Светлана встряхнула волосами, поэт обернулся на их невесомый шепот и замер.
– Ну как вам сказать, а-а-а, я пишу скорее по наитию. Наитию души, что ли. Короче, о чем душа мне говорит, то и пишу.
– Вы как-то определенно можете классифицировать то направление, по которому к вам идет трансцендентальный, так сказать, поток информации? Одно ли это направление? Несколько ли?
– Можно я вмешаюсь в вашу беседу? – женщина угасающих лет, врач-терапевт по основной профессии, робко встала с дивана.
Елистратов и Светлана кивнули.
– Я не читала прозу Светы. Вернее, читала отрывочно. Мне кажется, что Света пишет только о любви.
– Нет, что вы! Я не пишу только о любви, наоборот, я любовные темы обхожу стороной. Я прочитала однажды, что поэт – это пророк. То же можно отнести и к писателю. Писатель – это тоже пророк, не в обиду поэту будет сказано.
Поэт примирительно развел руками и устремил на Светлану благословляющий взгляд.
– Я замужем, – продолжала Светлана, – и в своем творчестве не использую темы измены, ревности, понимаете. Опасаюсь собственного пророчества.
– Ну вы же не можете отрицать, что центральная тема вашего творчества – любовь? Женщины о другом писать не могут, я много вас перечитал. Я, с позволения своих коллег, друзей и соратников, могу это утверждать, – раздражался Елистратов. – Все эти ваши личные интимные моменты, ревность, это все ваши, так сказать, дела с мужем. Вот и Венера ваша – богиня любви. Вот в моем последнем романе «Зерно, упавшее в землю» есть подобное тонкое замечание. Я пришел к нему совершенно неожиданно. Что меня вывело на этот путь? Мой жизненный ли опыт или опыт, так сказать, моего внутреннего автора, не знаю, – оживился Елистратов, – там есть такое место. Позвольте, я зачту, боюсь быть неточным в цитате.
Елистратов выбежал в соседнюю комнату, где опорожненные бутылки скромно соседствовали с книгами.
«Неплохо вроде бы вечер начинается, – думал Елистратов, – еще бы выпить, конечно, выпить бы».
За оконной рамой второй год лежала мертвая муха.
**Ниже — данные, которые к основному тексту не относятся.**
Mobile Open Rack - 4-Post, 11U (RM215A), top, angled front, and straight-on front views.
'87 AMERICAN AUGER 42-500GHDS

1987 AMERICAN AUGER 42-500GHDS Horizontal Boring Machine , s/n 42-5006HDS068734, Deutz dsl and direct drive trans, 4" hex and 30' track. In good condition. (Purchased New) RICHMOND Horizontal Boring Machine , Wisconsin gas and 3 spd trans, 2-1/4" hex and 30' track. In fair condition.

Он вспомнил, как еще летом тайком перелил в преподнесенную матерью бутылочку с раствором от комариных укусов яблочный самогон и спрятал в аптечке. Обе жидкости мать настаивала самолично. Раствор не снимал зуд от укусов, а самогон был слаб, пах тоскливо, скисшими яблоками, и был невкусным, как все, что готовила мать.
Елистратов сделал глоток, другой, и счастье солнцем заполнило его тело.
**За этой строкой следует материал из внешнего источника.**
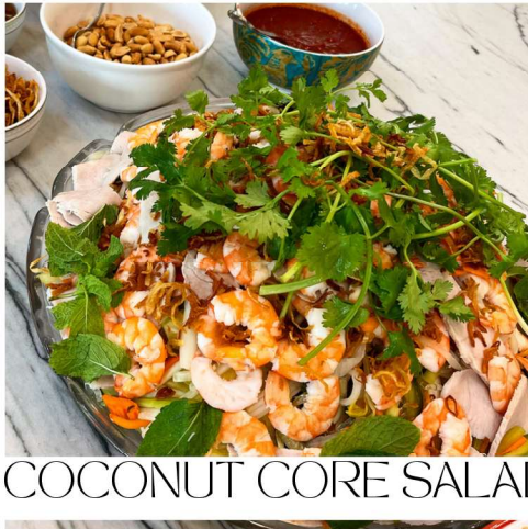
COCONUT CORE SALAD

К затихшим собратьям по перу он вернулся сосредоточенный и мирный.
– «Ночь была холодная, – начал он уверенным голосом. – Неубранное сено стыло в поле. Баба Галя долго не могла уснуть, от ежедневной работы болели ноги. «Да чтоб тебя, – прошептала она, жалуясь одновременно на мучившую ее боль и жизнь, обрекшую ее на эту боль. – Были бы внуки, приехали б помогли. Вон, как у Нюры, каждую субботу приезжают на машине, несут ей пакеты гостинцев – конфеты, печенье, колбасу, – завтракают дружно, а потом все так же дружно идут в поле и за один день убирают всё».
– Простите, – вмешалась Света, – а при чем здесь Венера? Или, может быть, я вас не в правильном месте перебила.
– Вот именно, – почти зло ответил Елистратов. – Я хотел про Венеру зачесть следом, но если у вас нет терпения, то что ж, давайте обсуждать ваш роман.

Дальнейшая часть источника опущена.